The state park's 33 cabins closed on February 26, 2024, due to issues with its septic system. The Washington State Parks Commission then proposed a permanent closure of the cabins due to the cost of repairing the septic system and the site's sensitive history. The full closure of the cabins was approved in October 2024 due to the need for a strengthened seawall to protect the area from future king tides and coastal erosion.

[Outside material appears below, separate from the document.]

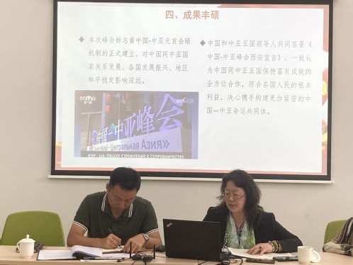 5月31日上午,中国-上合基地办公室召开主题教育专题学习座谈会,主题为“学习习近平主席在中国-中亚峰会上的主旨讲话精神”。中国-上合基地办党总支专职副书记王晓宇对习近平主席主旨讲话进行导读,中国-上合基地办副主任张少英主持座谈会,全体教职工参加会议。

==Activities and amenities==
Park activities include boating, crabbing, scuba diving, fishing, swimming, hiking on 15 miles of trails, wildlife viewing, and horseshoes. A mile-long trail connects the park with Camano Island State Park. The Center for Wooden Boats operates the historic boathouse and shop, offering boat rentals (including boats from the site's days as a fishing resort), youth and adult sailing and boat building classes, and crabbing gear rentals. (Note: Overnight accommodations at Cama Beach previously included two bungalows and 24 waterfront cedar cabins.)